■ WHAT NEEDS TO BE DONE: Although the entries contain pictures, the copy should hold only their exact text.

[TASK INPUT Boundary: Start]

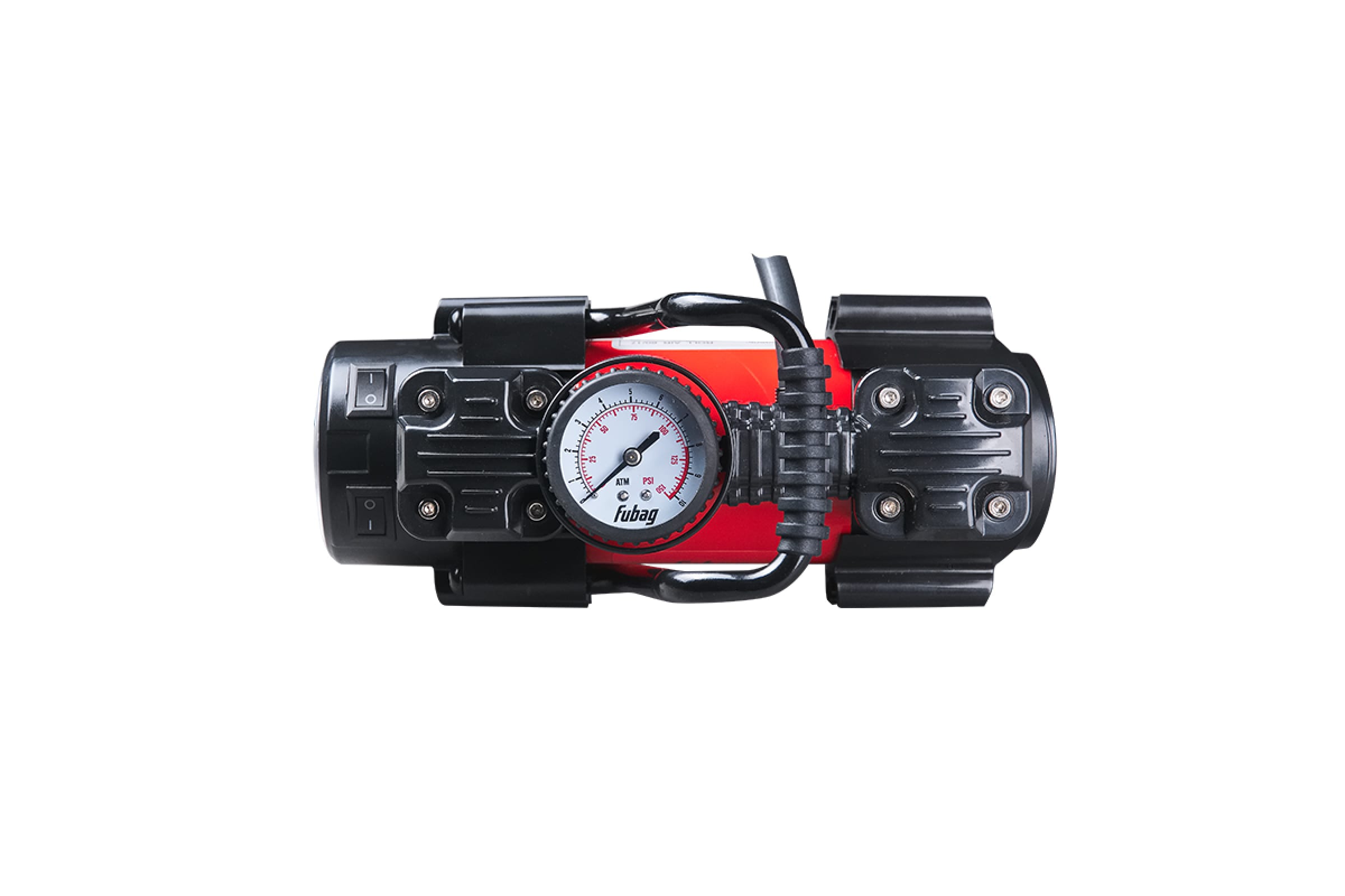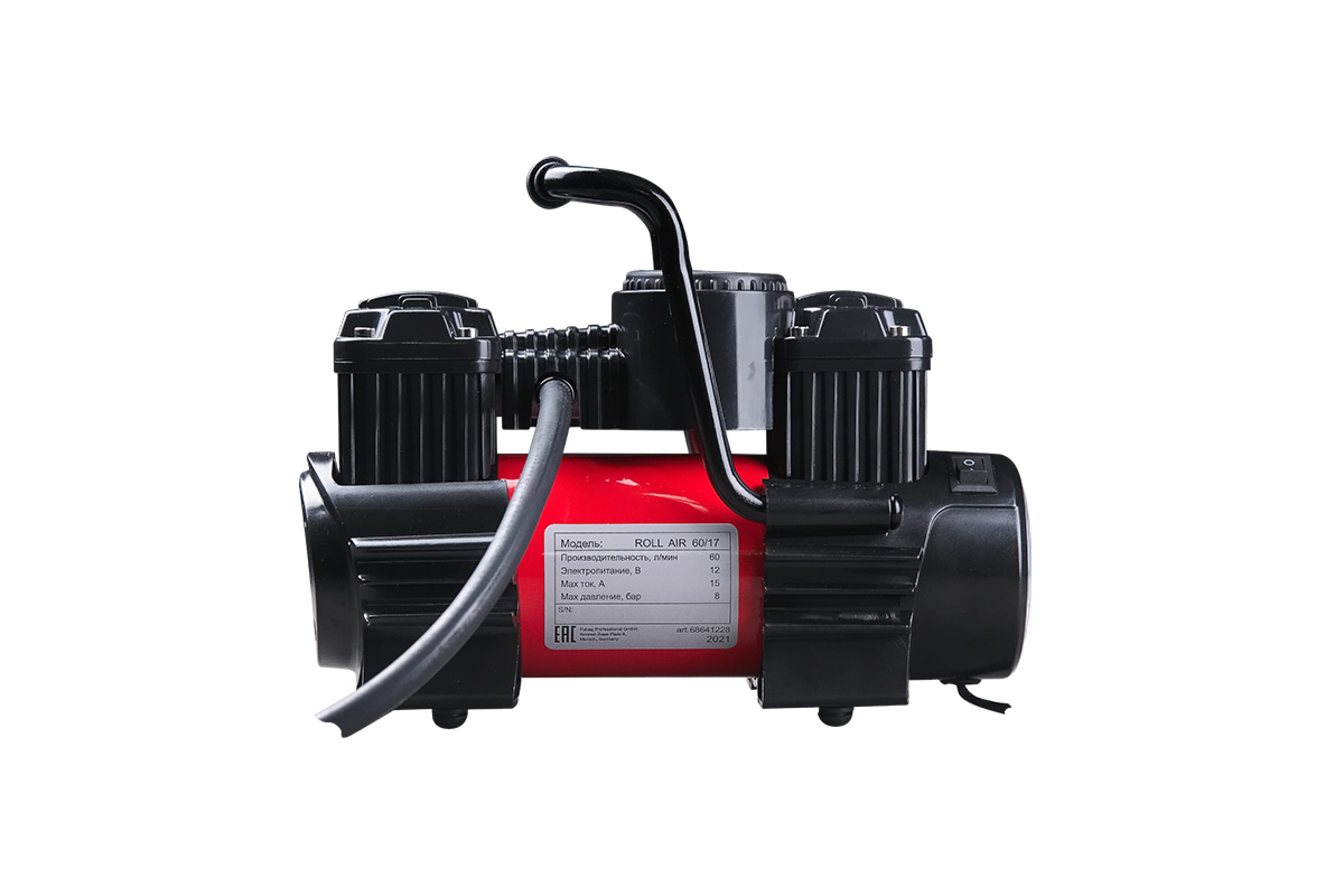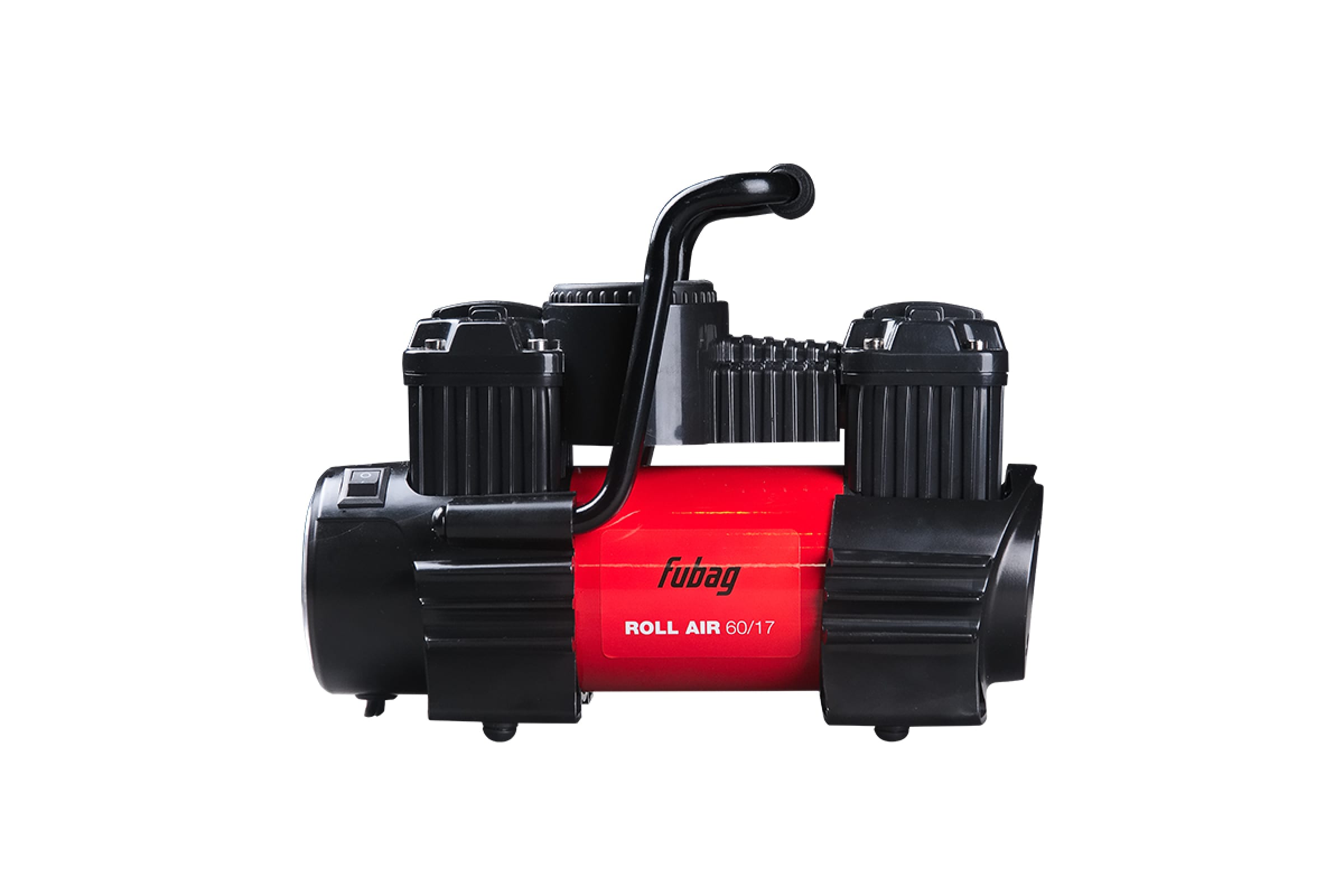 • Автомобильный компрессор FUBAG Roll Air 60/17 68641228 – мощная модель с низким потреблением тока, подключается к прикуривателю автомобиля через сеть 12 В.
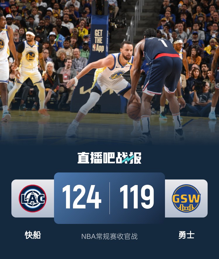 开场后哈登和莱昂纳德帮助快船抢占先机,库里早早领到2次犯规下场休息,第一节后半段快船进攻断电,勇士在巴特勒带领下打出11-0的攻势将比分反超。第二节上来勇士依旧延续不错的防守,虽然自己进攻打得也不理想,但还是保持领先优势。第二节尾声快船外线找到手感连中三分,虽然库里回应两记三分,但鲍威尔压哨超远三分命中帮助快船领先2分结束上半场。易边再战,勇士率先打出攻势完成反超,哈登立马站出来连续拿分帮助快船夺回领先,随后两队你来我往陷入僵持。第四节库里站出来连续拿分,一度帮助勇士反超比分,但快船总能及时回应,莱昂纳德绝杀不中,两队常规时间打平进入加时。加时赛中哈登上来连中两记三分,勇士多次追分续命,但格林关键上篮没有打进,勇士只得采用犯规战术,莱昂纳德三分不中,希尔德抢投三分不中,最终快船加时124-119力克勇士豪取8连胜,勇士掉入附加赛区排名第七。
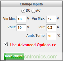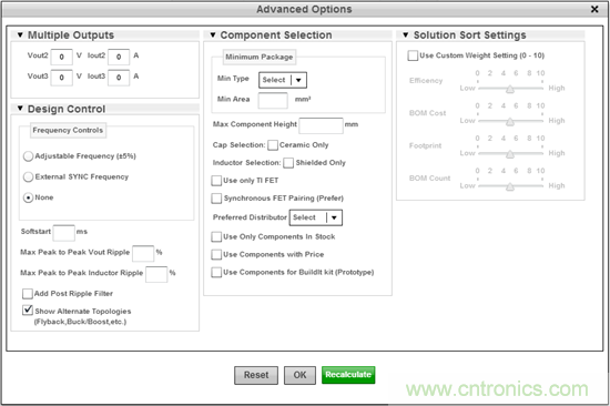 單擊“Use Advanced Options”(使用高級選項)來打開Advanced Options菜單(圖3)。在Design Control(設計控制)項下,確保“Show Alternate Topologies”(顯示替代拓撲)復選框被選中,這樣將列出所有可能的Fly-Buck解決方案。在你確認復選框的選擇后,單擊“Recalculate”(重新計算)按鈕來繼續。
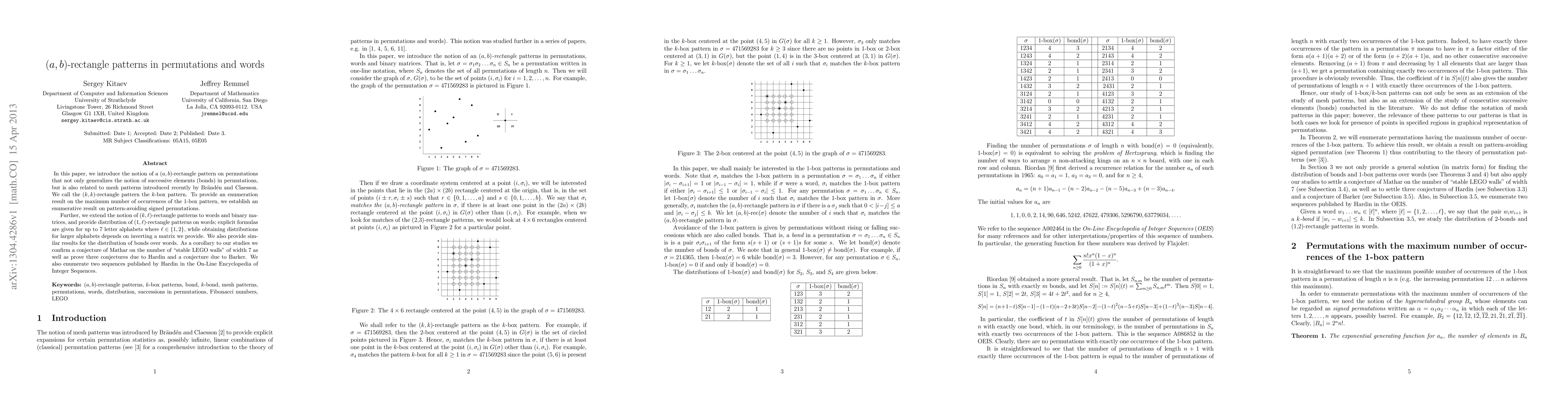 In this paper, we introduce the notion of a $(a,b)$-rectangle pattern on permutations that not only generalizes the notion of successive elements (bonds) in permutations, but is also related to mesh patterns introduced recently by Br\"and\'en and Claesson. We call the $(k,k)$-rectangle pattern the $k$-box pattern. To provide an enumeration result on the maximum number of occurrences of the 1-box pattern, we establish an enumerative result on pattern-avoiding signed permutations. Further, we extend the notion of $(k,\ell)$-rectangle patterns to words and binary matrices, and provide distribution of $(1,\ell)$-rectangle patterns on words; explicit formulas are given for up to 7 letter alphabets where $\ell \in \{1,2\}$, while obtaining distributions for larger alphabets depends on inverting a matrix we provide. We also provide similar results for the distribution of bonds over words. As a corollary to our studies we confirm a conjecture of Mathar on the number of "stable LEGO walls" of width 7 as well as prove three conjectures due to Hardin and a conjecture due to Barker. We also enumerate two sequences published by Hardin in the On-Line Encyclopedia of Integer Sequences.
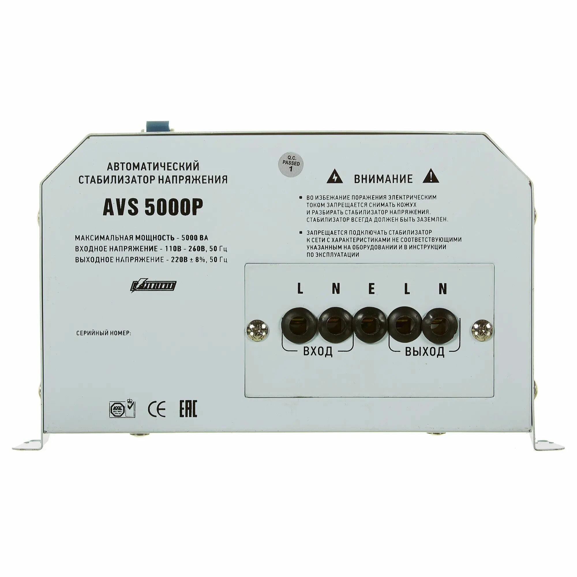 Стабилизатор POWERMAN AVS 5000P, ступенчатый регулятор, цифровые индикаторы уровней напряжения, 5000ВА, 110-260В, максимальный

[TASK INPUT Boundary: End]

■ RESPONSE TO THIS TASK:
 • Автомобильный компрессор FUBAG Roll Air 60/17 68641228 – мощная модель с низким потреблением тока, подключается к прикуривателю автомобиля через сеть 12 В.
 开场后哈登和莱昂纳德帮助快船抢占先机,库里早早领到2次犯规下场休息,第一节后半段快船进攻断电,勇士在巴特勒带领下打出11-0的攻势将比分反超。第二节上来勇士依旧延续不错的防守,虽然自己进攻打得也不理想,但还是保持领先优势。第二节尾声快船外线找到手感连中三分,虽然库里回应两记三分,但鲍威尔压哨超远三分命中帮助快船领先2分结束上半场。易边再战,勇士率先打出攻势完成反超,哈登立马站出来连续拿分帮助快船夺回领先,随后两队你来我往陷入僵持。第四节库里站出来连续拿分,一度帮助勇士反超比分,但快船总能及时回应,莱昂纳德绝杀不中,两队常规时间打平进入加时。加时赛中哈登上来连中两记三分,勇士多次追分续命,但格林关键上篮没有打进,勇士只得采用犯规战术,莱昂纳德三分不中,希尔德抢投三分不中,最终快船加时124-119力克勇士豪取8连胜,勇士掉入附加赛区排名第七。
 單擊“Use Advanced Options”(使用高級選項)來打開Advanced Options菜單(圖3)。在Design Control(設計控制)項下,確保“Show Alternate Topologies”(顯示替代拓撲)復選框被選中,這樣將列出所有可能的Fly-Buck解決方案。在你確認復選框的選擇后,單擊“Recalculate”(重新計算)按鈕來繼續。
 In this paper, we introduce the notion of a $(a,b)$-rectangle pattern on permutations that not only generalizes the notion of successive elements (bonds) in permutations, but is also related to mesh patterns introduced recently by Br\"and\'en and Claesson. We call the $(k,k)$-rectangle pattern the $k$-box pattern. To provide an enumeration result on the maximum number of occurrences of the 1-box pattern, we establish an enumerative result on pattern-avoiding signed permutations. Further, we extend the notion of $(k,\ell)$-rectangle patterns to words and binary matrices, and provide distribution of $(1,\ell)$-rectangle patterns on words; explicit formulas are given for up to 7 letter alphabets where $\ell \in \{1,2\}$, while obtaining distributions for larger alphabets depends on inverting a matrix we provide. We also provide similar results for the distribution of bonds over words. As a corollary to our studies we confirm a conjecture of Mathar on the number of "stable LEGO walls" of width 7 as well as prove three conjectures due to Hardin and a conjecture due to Barker. We also enumerate two sequences published by Hardin in the On-Line Encyclopedia of Integer Sequences.
 Стабилизатор POWERMAN AVS 5000P, ступенчатый регулятор, цифровые индикаторы уровней напряжения, 5000ВА, 110-260В, максимальный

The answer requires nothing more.